Dena Kirkpatrick’s Barrel Racing Webcast Part 2

Make sure you check out Part 1 for all the warm up tips from the webcast.

Here were some important tips I took away from the webcast when it comes to teaching a horse the barrel pattern. Let me first say it’s very important you warm up your horse before you start working on the pattern. You need to make sure your horses muscles are loose and stretched before you start working him hard or you could risk your horse getting hurt.

  • Start with a straight line about 5-6ft out from the barrel – When starting towards the barrel at a slow pace keep him balanced and not leaning on either side.
  • As you get closer to the barrel don’t let him fade in – If your horse does start to fade in put pressure on your inside leg to make him move back out.
  •  Don’t start to turn to early – Of course early turns = barrels down and time added. To prevent this from happening wait until the horses hip is at the barrel before you start turning. Also when you get to the barrel give him a “bump” with your inside leg to push him over.
  • Start with perfecting a circle around the barrel before moving on to the next – Dena likes to do 2 perfect circles around the barrel and then move on to the next. At first she recommends starting at the walk. Circle the first barrel trying to keep an equal distance around it. Circle it twice and then go on to the next. Continue that doing the circles until you have finished the pattern. Once you and your horse can circle the barrels without moving in increase your pace until your eventually loping the pattern.
  • Think about the “feel” while your riding – This was something she said that really hit home. I think we all know when we’ve set our horses up right and rode the pattern perfect. We know this because everything about the ride felt right. We stayed balance in the saddle, we rode to the barrels and hit the pockets right, our horses didn’t stumble or fade just was right.
  • Spend time getting your horse relaxed at the front of the arena where all the horses anxiety starts – I feel like this is pretty important too. I like my horses to continue to pay attention to me as I’m going into the arena. I don’t want them focused on anything but the task before them. I want them to be focused on the first barrel and the ques I’m giving. I’ve seen many horses that start getting hyped up long before they get to the arena and when that happens majority of the time they run right past the first barrel. That horse was only focused on running rather then paying attention to the rider.
  • Make sure you get your horse set up before the barrel –  Dena suggests that if your horse has a tendency to cut in early, stop before you start the turn and make him stand where he should be. If he moves then push him back into the right place. She also says to keep him there until he is standing still and listening for the que to move on.
  • Too much pressure on the outside rein will cause the horse to drop his shoulder in – When a horse drops his shoulder in he’s lost his balance and has a good chance of hitting the barrel. So make sure to keep light pressure and use the inside rein to turn him around the barrel. You want him turning in so that his rear end will drive around.

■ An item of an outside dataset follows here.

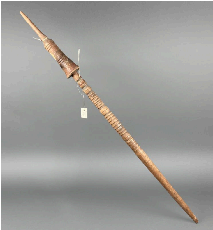
Matthias Thaden / Staatliche Museen zu Berlin, Museum Europäischer Kulturen, CC BY-SA 4.0

dabei wesentlich gewesen sein dürften. So war Küppers schon früh zur Überzeugung gelangt, „dass unsere Kultur vor dem sicheren Untergang nur durch Verwurzelung der Intelligenz mit der Scholle [...] gerettet werden“ und nur so die „Grundlage für den Neubau des Volkstums“ gelingen könne. 24 Noch drei Jahre nach seiner letzten Reise argumentierte er äußerst engagiert dafür, dass diese „Bindung zur Scholle“ auch museal zu dokumentieren sei. Mit einer durchaus zynischen Argumentation warb er bei mehreren Akteuren für den Erwerb bulgarischer Holzpflüge. Diese werde es angesichts der durch die deutsche Kriegsführung erzwungenen Rationalisierung der örtlichen Wirtschaft nicht mehr lange geben, sodass dieses Gerät von deutschen Museen nun für die Nachwelt zu retten sei. 25

Here’s a great video I found about Barrel Positions with Dena.

The last important tip Dena gave and the one I can’t stress enough is: Don’t over work your horse on the pattern or you will burn them out or have a horse that will out think you. This tip is true for any horse in any discipline. Over working your horse just makes them burn out and not care as much about their job. We don’t like doing the same thing over and over and over and keep in mind your horse doesn’t either. Change things up and keep them doing new and fun things. I like to spend a lot of down time trail riding and I find my horses really enjoy that too. I also like to give them time off when I can and just let them be a horse and enjoy pasture life. Normally their pasture time is in winter when I can’t ride much anyway.

What are some of your favorite barrel tips and how do you keep your horse from getting burnt out?